= 1980 Nauruan parliamentary election =

Parliamentary elections were held in Nauru on 6 December 1980. As there were no political parties, all candidates ran as independents. The election was won by supporters of President Hammer DeRoburt, who re-elected him President on 9 December.

==Results==
Three prominent MPs lost their seats, Minister of Justice Leo Keke, former President Lagumot Harris and Roy Degoregore.

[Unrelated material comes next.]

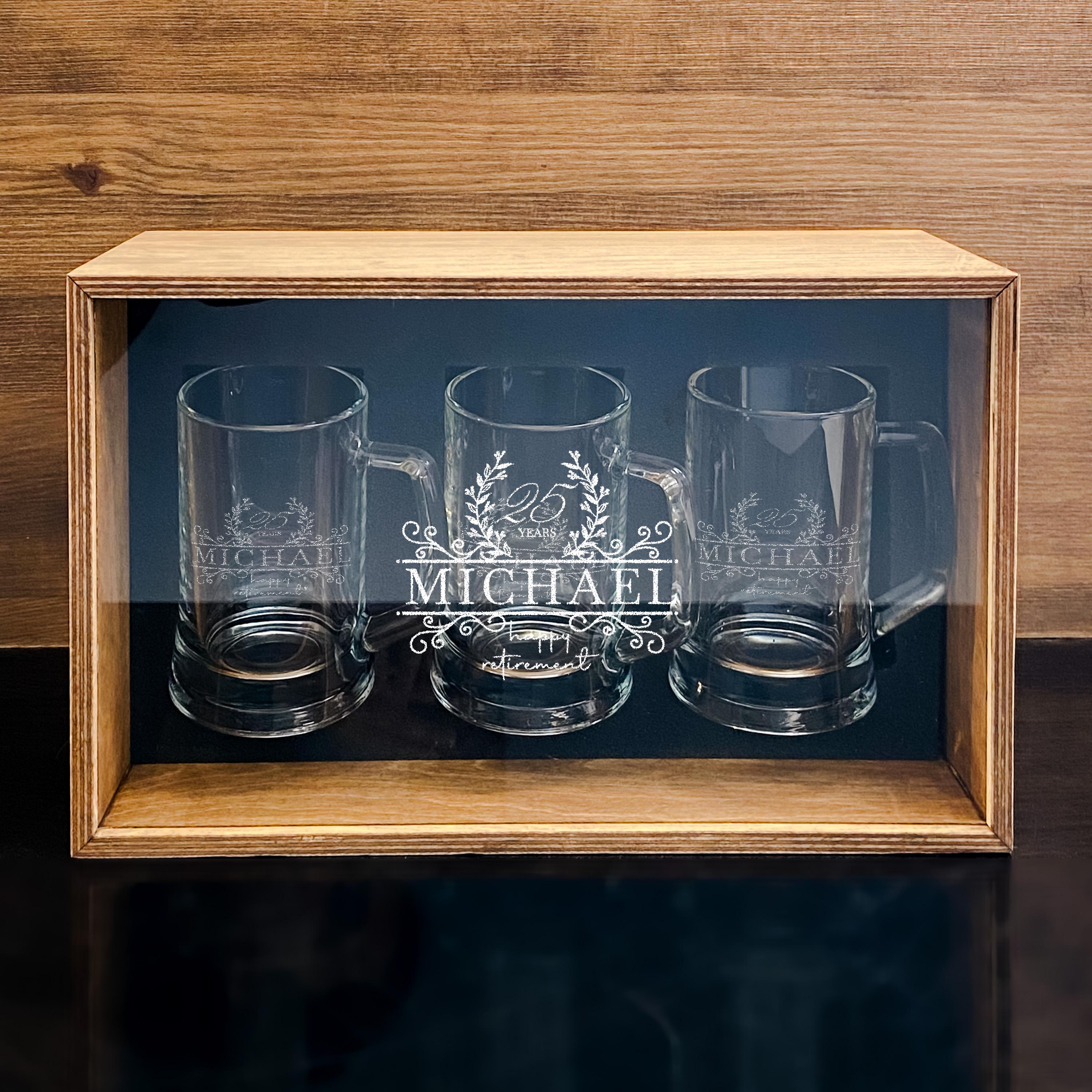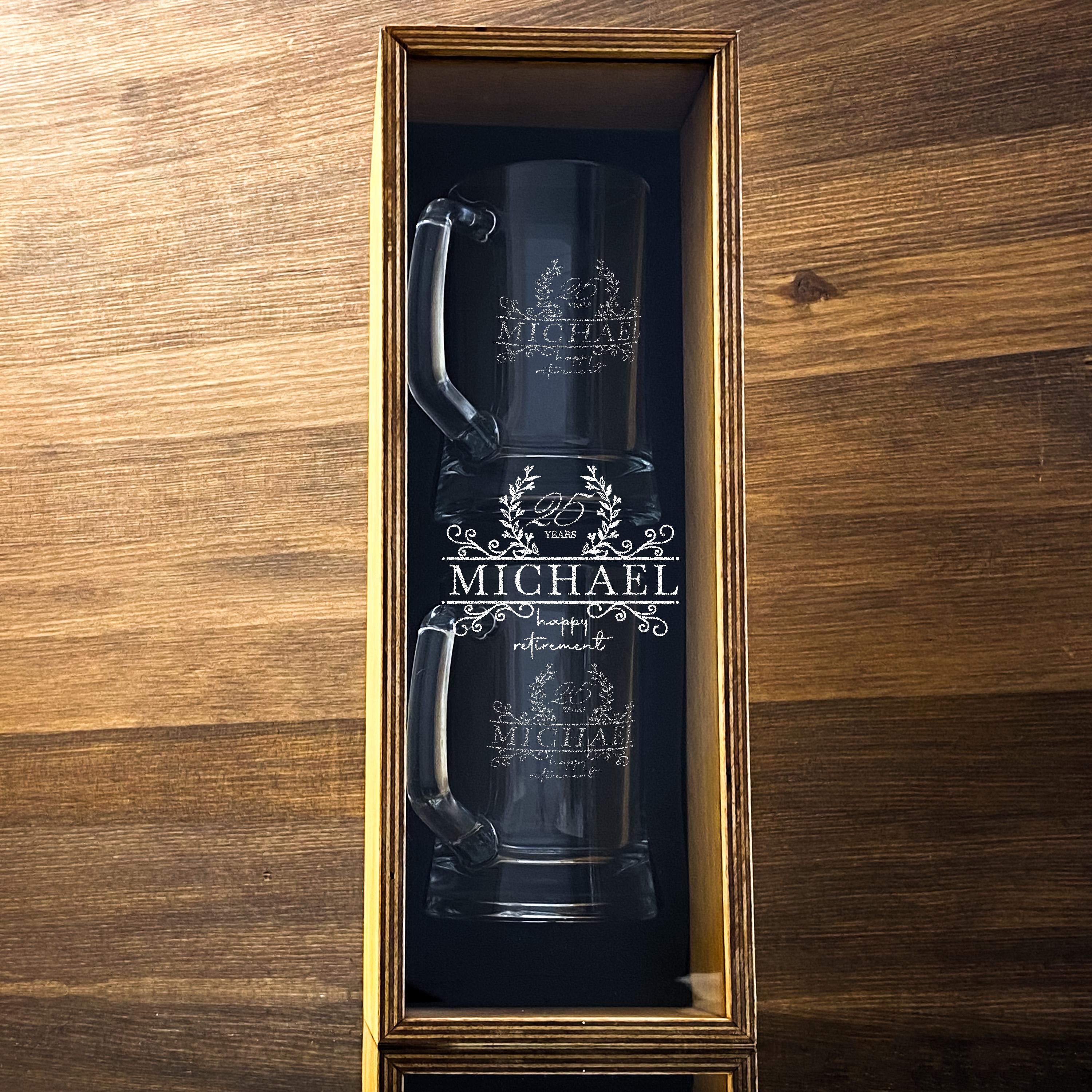 Engraved Beer Mug Stylish Personalized Beer Glass Gift for Retired Boss Wooden Gift Box

| Party |  | Votes | % | Seats |
|  | Independents | 1,540 | 100.00 | 18 |
| Total |  | 1,540 | 100.00 | 18 |
| Valid votes |  | 1,540 | 97.04 |  |
| Invalid/blank votes |  | 47 | 2.96 |  |
| Total votes |  | 1,587 | 100.00 |  |
Source: Gazette, Nohlen et al.

===By constituency===

| Constituency | Candidate | Votes | Notes |
| Aiwo | René Harris | 142.7 | Elected |
| Libokomedo David Agir | 105.816 | Elected |
| Samuel Tsitsi | 98.55 |  |
| Reginald Akiri | 80.85 |  |
| Pamela Ebotsina Scriven | 70.9 |  |
| August Detonga Deiye | 67.133 |  |
| Invalid/blank votes | 4 |  |
| Total votes cast | 235 |  |
| Anabar | David Peter Gadaraoa | — | Elected unopposed |
| Obeira Menke | — | Elected unopposed |
| Anetan | Lawrence Stephen | 109.666 | Elected |
| Adago Deinuwea Bucky Ika | 102.083 | Elected |
| Roy Degoregore | 94.833 |  |
| Vassal Gadoengin | 68.416 |  |
| Invalid/blank votes | 10 |  |
| Total votes cast | 190 |  |
| Boe | Hammer DeRoburt | 124.333 | Elected |
| Kenas Aroi | 100.833 | Elected |
| Yeru Boronga Uera | 60.416 |  |
| Frank Randolph Smith | 58.166 |  |
| Invalid/blank votes | 1 |  |
| Total votes cast | 166 |  |
| Buada | Reuben Kun | 100.833 | Elected |
| Totouwa Depaune | 86.416 | Elected |
| Alec Hindmarsh Stephen | 70 |  |
| Deang Detabene | 61.5 |  |
| Invalid/blank votes | 3 |  |
| Total votes cast | 156 |  |
| Meneng | Robert Eoe | 137.725 | Elected |
| James Ategan Bop | 107.964 | Elected |
| Frank Sinatra Jannecke Canon | 104.327 |  |
| Paul Denabawa Jeremiah | 81.285 |  |
| Christmas Denimidaoao Bam | 70.242 |  |
| David Audi Areyemago Dabwido | 69.136 |  |
| Lucas Janoa Depoudu | 68.939 |  |
| Alec Dogaben Jimrock Harris | 67.021 |  |
| Invalid/blank votes | 6 |  |
| Total votes cast | 266 |  |
| Ubenide | Buraro Detudamo | 202.716 | Elected |
| Bernard Dowiyogo | 187.9 | Elected |
| Kennan Adeang | 169.25 | Elected |
| Derog Gioura | 153.6 | Elected |
| Lagumot Harris | 143.083 |  |
| Joseph Laben Hiram | 98.95 |  |
| Invalid/blank votes | 20 |  |
| Total votes cast | 410 |  |
| Yaren | Joseph Detsimea Audoa | 96.683 | Elected |
| Pres Nimes Ekwona | 81.483 | Elected |
| Leo Keke | 66.183 |  |
| Alfred Derangdedage Dick | 59.1 |  |
| De-Gabwinare Jacob | 45.8 |  |
| John Binono Willis | 45.2 |  |
| Invalid/blank votes | 3 |  |
| Total votes cast | 164 |  |
Source: Government Gazette

==Aftermath==
The newly elected Parliament convened on 9 December. David Gadaroa was re-elected as Speaker, with James Ategan Bop re-elected as Deputy Speaker. Hammer DeRoburt was elected President unopposed after the only other nominee declined to participate. He appointed a new government with Kenas Aroi as Minister for Finance, Joseph Detsimea Audoa as Minister for Justice, Buraro Detudamo as Minister for Works and Minister Assisting the President and Lawrence Stephen as Minister for Education and Health.

In July 1981 René Harris resigned to contest a by-election and test his support. The by-election was held on 18 July and saw Harris re-elected with 111 votes; Samuel Tsitsi received 48, August Detonga Deiye received 28 and Ateo Leslie Will Amram 10. There was also one invalid vote, for a total of 198 votes.